The site also provided a link for something called “privacy principles,” which stated that while the company is very committed to security, “we’re not all the way there yet.”

Ironically, those candid revelations make Meebo among the most honest and forthright of all the Web 2.0 start-ups regarding the risks arising from such experiments in openness and wide-eyed trust.

Looming Disaster

While start-ups like Meebo are busily creating new possibilities for privacy and security disasters, the established Internet companies are also rushing headlong into their own potential problems. Among them is the current front-runner for my “Greatest Looming Web 2.0 Disaster Award”: the new API for the Yahoo! Mail service.

Earlier this month, Yahoo! announced that they were opening up their mail system to third-party developers who want to create applications that incorporate access to users’ Yahoo! email accounts. By utilizing the API, which reportedly includes an updated user login and authentication process, any developer can add the ability for users to send and receive email messages via their existing Yahoo! Mail account from within that developer’s proprietary application.

The idea is to make it easier for the Web 2.0 development community to integrate Yahoo! Mail into various new and interesting experiences, allowing Yahoo! to be more deeply embedded in the Internet of tomorrow.

But in my mind, the benefits of opening up the system are outweighed by the potential to create even more sophisticated kinds of “man in the middle” hacker attacks and new twists on the growing epidemic of “phishing.”

Phishing is the process by which hackers trick users into providing their usernames and passwords by creating sham versions of websites that masquerade as legitimate. Phishing works because most users aren’t very skeptical or discriminating when they are asked to log into their email, online banking account, eBay or PayPal account, or other online service.

Even if there is a way to secure the login process and to make it less susceptible to being replicated by phishers, there’s still the matter of ill-intentioned application developers.

What’s to stop a dastardly developer from sniffing out user’s passwords during the login process, or once the login has been authenticated to misappropriate the cookie or other security token once it has been issued? What’s to stop a malicious programmer from capturing every email message passing through the application and using it for other purposes?

Oddly enough, when I think of those who could profit from creating a new interface and passing all of a Yahoo! user’s email through its systems for parsing and manipulation, first in line is Yahoo!’s archrival, Google.

Google has promised users of its Gmail service that, through the wonders of sifting through your email box with its supercharged content sniffers, they will be able to serve advertisements based on the content of your email messages. By using the API process, could Gmail create an interface for users to import the mail from Yahoo and further erode its rival’s advertising reach?

Just think: One day Gmail might also be able to deliver Yahoo! users a nagging email from their spouse, along with advertisements for divorce lawyers, discounts for dating services, and a sale price on the autobiography of Lorena Bobbitt – half-off, of course.
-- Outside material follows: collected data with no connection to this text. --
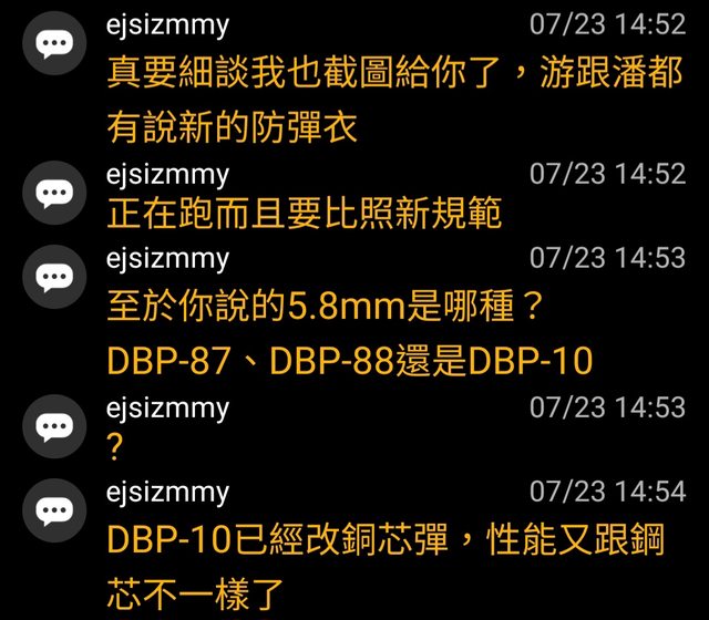 是啊,ejsizmmy認為拿M855要來模擬DBP-10,跟軍備局拿動能論魚目混珠的欺瞞手法類似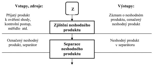 Část vývojového diagramu typu vstup – výstup procesu řízení neshodného produktu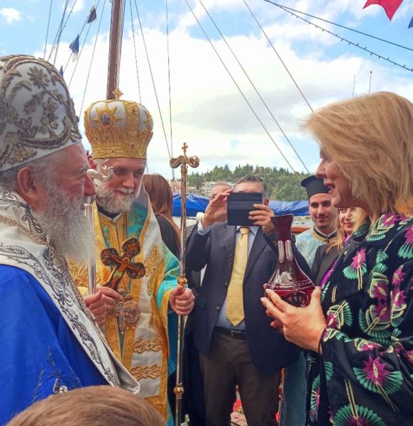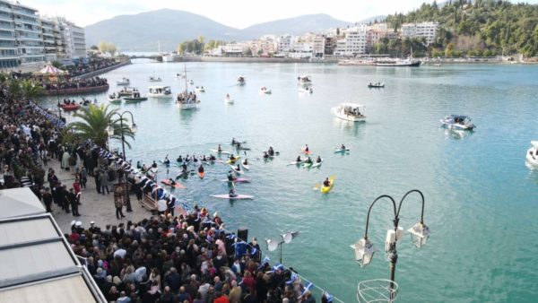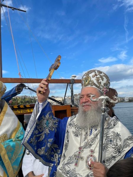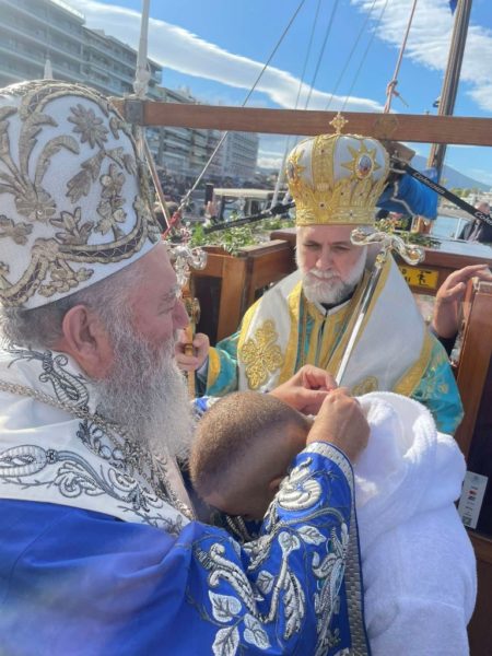 Εκεί ο Σεβασμιώτατος κ. Χρυσόστομος, ο Θεοφιλέστατος κ. Νικόδημος, ο Ιερός Κλήρος, οι επικεφαλής των αρχόντων του τόπου, επιβιβάστηκαν σε πλωτό σκάφος για την Τελετή της ρίψης του Τιμίου Σταυρού στη θάλασσα και τον Αγιασμό των υδάτων απέναντι από το ιστορικό κτίριο του Δημαρχείου της Πόλεως, ενώ όλη την παραλία της Χαλκίδος είχαν κατακλύσει εκατοντάδες των ευσεβών πιστών.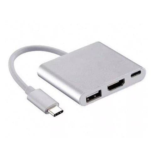 Necessario ter a tecnologia MHL no aparelho para o produto funcionar, verifique antes se seu aparelho possui a tecnologia. Adaptador 1 Porta tipo-C para 3 portas 1 HDMI, 1 USB 3.0, 1 fêmea tipo C Permitir que você espelhe a exibição do seu laptop tipo-C para uma tela HDMI, suportando 4K x 2K 30Hz resolução Conecte-se com a unidade flash via porta USB 3.0 A interface USB 3.0 possui 5Gbps de transmissão de dados de alta velocidade Pode ligar um cabo de carregamento à porta Tipo-C para carregar o seu também 20V / 30A Conector tipo-C reversível permite que você conecte de maneira certa toda vez Plug and play, fácil e conveniente Especificação: Material: Liga de alumínio + ABS + PVC Velocidade: Até 10 GBPS Entrada: USB Tipo-C Saída: 1 x HDMI, 1 x USB 3.0, 1 x Feminino Tipo-C Taxa de transmissão: 5 Gbps USB 3.0 Corrente: 3A máx. Peso: 38g Ean: 7908020909293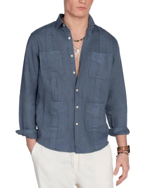 Camisa Harper & Neyer azul oscuro, de lino. Cuello italiano, cierre de botones y puños ajustables. Cuatro bolsillos en el frontal y logotipo de la marca bordado en la zona central del bajo. Canesú, costuras reforzadas y hombros caídos. Corte regular.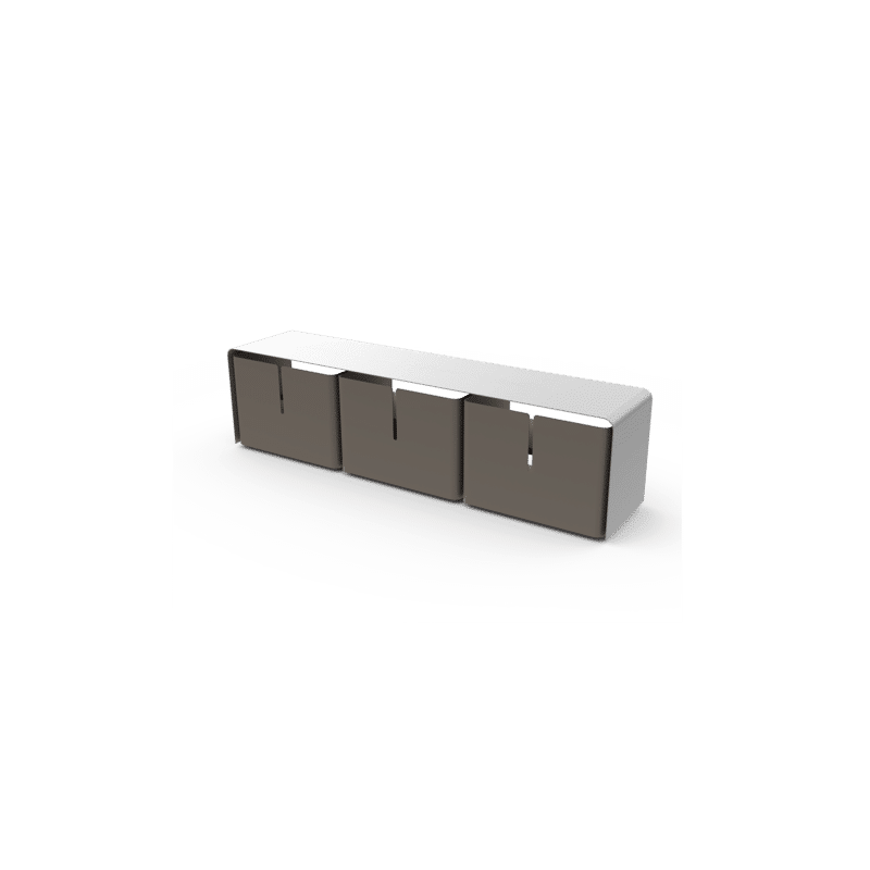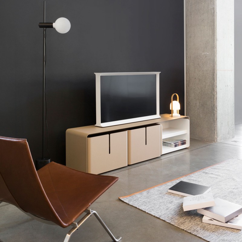 Le meuble TV Barber est signé par le designer Luc Jozancy pour Matière Grise, éditeur français de meubles contemporains en acier et aluminium. Il propose un ingénieux et ludique jeu de cache-cache avec ses trois tiroirs sur roulettes que l'on peut disposer comme on le désire. Aux lignes minimalistes s'ajoute un aspect fonctionnel puisqu'il permet de rendre invisible tout appareil multimédia.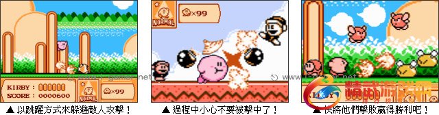 游戏中卡比来到神秘的梦之泉世界,继续他的大冒险之旅,在旅程上充满了许多惊奇与危险的事物,大家快来帮助他突破重重难关,沿路上玩家要躲避任何的危险并攻击怪物,最后到达出口才能够过关,随着关卡的提升,难度也会越来越难喔。大家一起与卡比完成他的冒险之旅吧!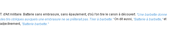 Définition du mot « barbette » par Emile Littré (édition de 1876).

This is less a security problem than a business problem – but it’s one that I think about when trying to decide when to start short-selling Yahoo! stock.
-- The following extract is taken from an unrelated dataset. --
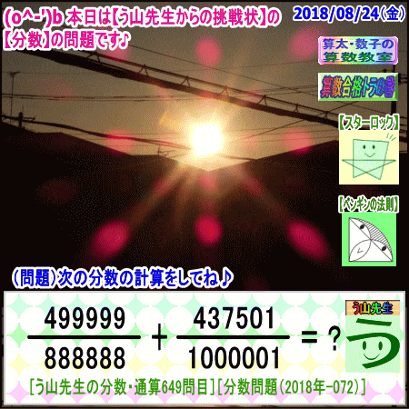 [う山雄一先生の分数]【分数649問目】算数・数学天才問題[2018年8月24日]Fraction □──────────────────□ 【算太・数子の算数教室】(R) 【算数合格トラの巻】 【う山TV(スタディ)】 【う山TV(バラエティ)】 【カンブリア・アカデミー】 ※──────────────────※ (o^-')b 大人気☆[う山先生式・分数計算]の問題です♪ ※──────────────────※ □ 2018/08/24(金) (o^-')b 【う山先生の分数・通算649問目】 [分数問題(2018年-072)] 本日は2018年8月24日です。 次の分数計算をしてね♪ 499999/888888 + 437501/1000001 = ? □ 【答え】後程♪ □ ※──────────────────※ (*^ー^)ノ[う山先生の分数(2018年-072)]です☆ 本日は、8月に相応しい面白い分数を作成しました♪ 分子・分母ともどうなるかな♪ ※──────────────────※ [Fraction of Professor Uyama] доля Frakcja Fracao ※──────────────────※ 算数・数学・家庭教師・個別指導・質問教室 ※──────────────────※ □ □□□□□□□□□□□□□□□□□□□□ [発行者氏名]【う山雄一】 [発行者web]【算数合格トラの巻】 [発行者web]【算太・数子の算数教室】(R) [著作]【算太・数子の算数教室】(R) 「さんた・かずこのさんすうきょうしつ」 [著作]【算遊記】 □ [メインサイト]う山先生のHP https://uyama.theblog.me/ □ [中学受験・算数]メイン http://www.geocities.jp/sansu_gokaku_toranomaki/ [中学受験・算数]サブ https://sansu.theblog.me/ http://santakazuko.wix.com/uyama □ [成績表・偏差値アップ] http://www.geocities.jp/santa_kazuko_1994/ □ [算遊記(さんゆうき)]算蔵法師・算悟空 http://www.geocities.jp/san_yu_ki/ □ [仕事用フェイスブック] https://www.facebook.com/kazuko.santa.5/ https://www.facebook.com/uyama.sensei/ □ [全般メール] ??????@gmail.com □ [中学受験・仕事用メール] ??????@hotmail.com ??????@gmail.com □ [ブログ]【算数合格トラの巻】 http://ameblo.jp/sansu/ http://blogs.yahoo.co.jp/sansu_gokaku_toranomaki http://uyama.blog.jp/ https://blog.goo.ne.jp/sansu_gokaku □ [ブログ]【算太・数子の算数教室】(R) http://ameblo.jp/santa-kazuko/ http://blogs.yahoo.co.jp/santa_kazuko_1994 http://blog.goo.ne.jp/santa_kazuko http://santakazuko.wordpress.com/ http://santa-kazuko.at.webry.info/ http://santa-kazuko.blogspot.jp/ http://ch.nicovideo.jp/santa-kazuko http://santa-kazuko.blog.jp/ □ [ブログ]【う山先生】 http://happy.ap.teacup.com/uyama/ http://blog.livedoor.jp/sansu/ http://blogs.yahoo.co.jp/san_yu_ki http://sansugokaku.blog.fc2.com/ https://uyama-sensei.hatenablog.com/ □ [ブログ]【オルドビスキー博士】 http://ameblo.jp/ordovisky/ □ [ブログ]【う山TV】 https://ameblo.jp/uyama-tv/ □ [動画配信]【う山TV】(スタディ/バラエティ) http://www.geocities.jp/sansu_gokaku_toranomaki/3-uyama-tv https://uyama-tv.themedia.jp/ □ [分数、楽しい!]シリーズ [分数で算数・数学の天才になろう♪]シリーズ [知的ゲーム]シリーズ [一瞬で解こう!]シリーズ [解けたら天才♪]シリーズ [家庭教師]シリーズ [算数・面白い問題]シリーズ [算数・数学ファイル/SSファイル]シリーズ 【音楽・作曲】シリーズ 【空耳】シリーズ □ □ [指導日程] https://uyama-yuichi.theblog.me/ □ 【統括ブログ】 https://ameblo.jp/uyama-yuichi/ https://blogs.yahoo.co.jp/uyama_yuichi □ 【お知らせブログ】 https://ameblo.jp/uyama-sensei/ https://blogs.yahoo.co.jp/uyama_sensei https://uyama0515.wordpress.com/ □ 【毎日の問題ブログ】一覧(お好きなブログを登録してね♪) http://www.geocities.jp/sansu_gokaku_toranomaki/2-blog.html □ □□□□□□□□□□□□□□□□□□□□ ☆ ☆ ☆ ☆ ☆ ☆ ☆ ☆

For me, the biggest problem with ill-conceived “Web 2.0 compliance” is that it’s making it even harder to teach users how to protect themselves.

Just as we are getting users trained to be more suspicious of folks who ask them to log in via seemingly legitimate interfaces, systems like Meebo and the Yahoo! Mail API work to add further confusion as to what a “legitimate” login screen can look like.

Some of today’s Web 2.0 concepts are absolutely amazing and changing the face of the Internet for the better. But in the rush to ride this new wave, too many companies are blinded by coolness and forget the fundamentals.

I only hope that more of today’s Web 2.0 entrepreneurs will go back and spend some time with Privacy and Security 101, before their users – and their exciting ideas – get burned.